DOCOMOMO Louisiana participated as a consulting party in several FEMA-sponsored Section 106 consultations, hoping to preserve threatened modern architecture and in doing so benefit Lousiana’s recovery. However the process has failed in New Orleans. None of the modern structures are being saved. For example, in 2009 FEMA determined the Carver auditorium and cafeteria buildings were eligible for the National Register of Historic Places. DOCOMOMO Louisiana advocated for the auditorium structure to be retained as part of a new campus plan and suggested that it be adaptively reused as an open air pavilion. However, the City of New Orleans issued a demolition permit on November 1, 2010. Demolition is active and expected to be complete by the time this article is published. DOCOMOMO Louisiana has filed objections with FEMA and withdrawn from further participation in Section 106 consultations. Not only has the process failed to live up to the spirit of the National Historic Preservation Act, it has absorbed this organization’s energies and dictated a hyper active advocacy agenda with no positive results. This must change.
Learning from New Orleans
Currently, DOCOMOMO Louisiana is investigating alternative approaches to advocacy by identifying opportunities to educate the public and celebrate or modern heritage. The first step is to focus on a widespread effort to educate the public about modernism in our midst, its significance in the landscape, and the inherent sustainability of its adaptive reuse. This can be accomplished by meeting with neighborhood groups, hosting architectural tours and also by sponsoring a city-wide campaign to landmark our beloved but recently endangered Louisiana Superdome (1975, Curtis and Davis).
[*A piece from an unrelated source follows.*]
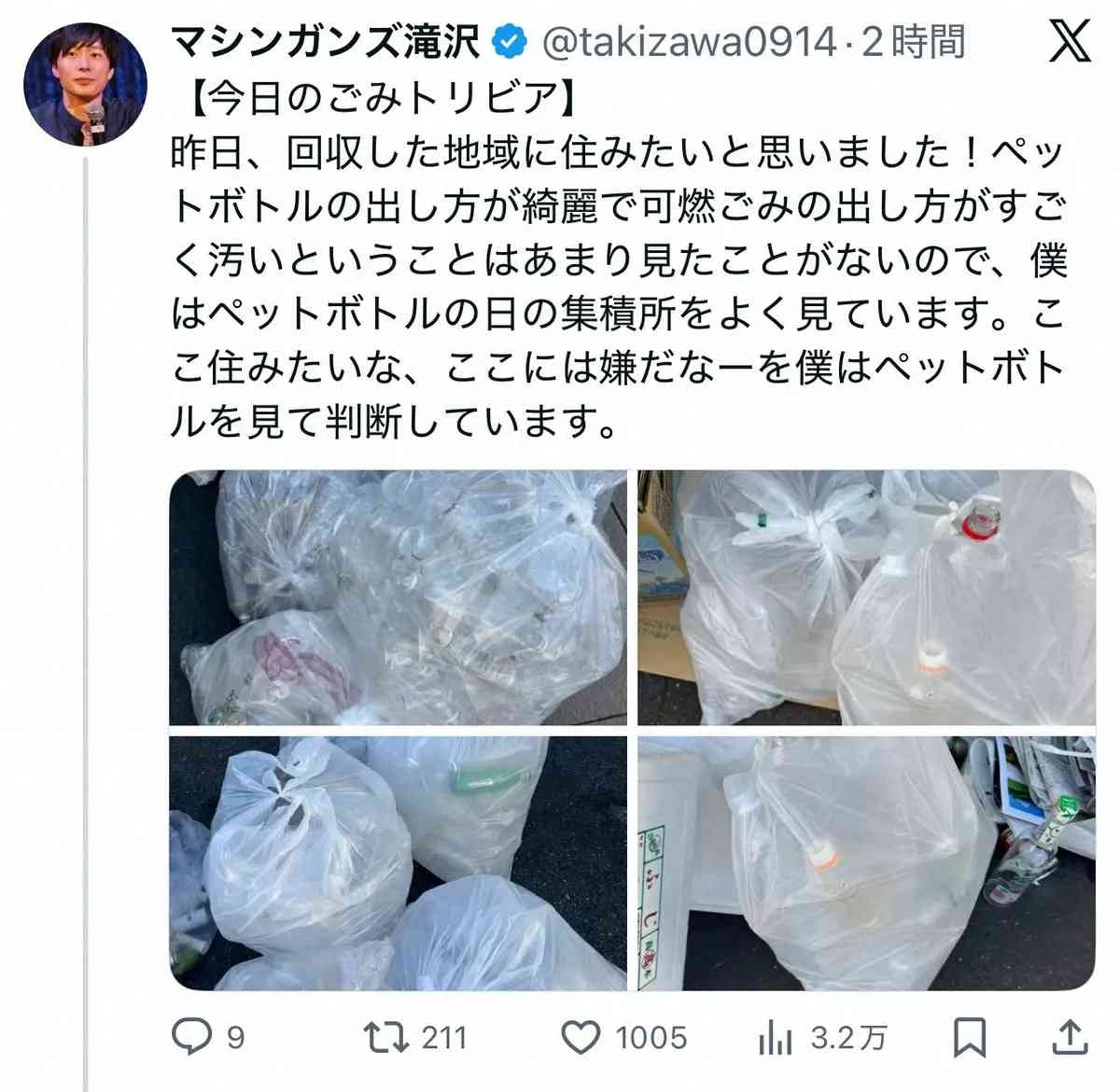 ごみ清掃員としても働くお笑いコンビ「マシンガンズ」滝沢秀一(49)が8日までに自身のXを更新。その地域の住みやすさを見極めるために見るべきポイントを明かした。

Engaging with real estate developers may also provide better opportunities for conservation, by identifying vacant modern buildings and discussing both their historic significance and tax credits available for renovation. Reinvesting in a weathered and awkwardly adapted but structurally innovative modernist building has the potential to renew the futuristic spirit of the recent past and even be emblematic of the city’s recovery. DOCOMOMO Louisiana will continue to work towards the documentation and conservation of our region’s sites, buildings and neighborhoods of the modernist movement. We sincerely hope to be left with more than just documentation.
About DOCOMOMO Louisiana
DOCOMOMO Louisiana is a regional chapter of an international committee dedicated to the documentation and conservation of the buildings, sites and neighborhoods of the modern movement. In accordance with DOCOMOMO-US, the Louisiana chapter advocates the documentation and conservation of the City of New Orleans, State of Louisiana and the Gulf South region’s manifestations of the Modern movement.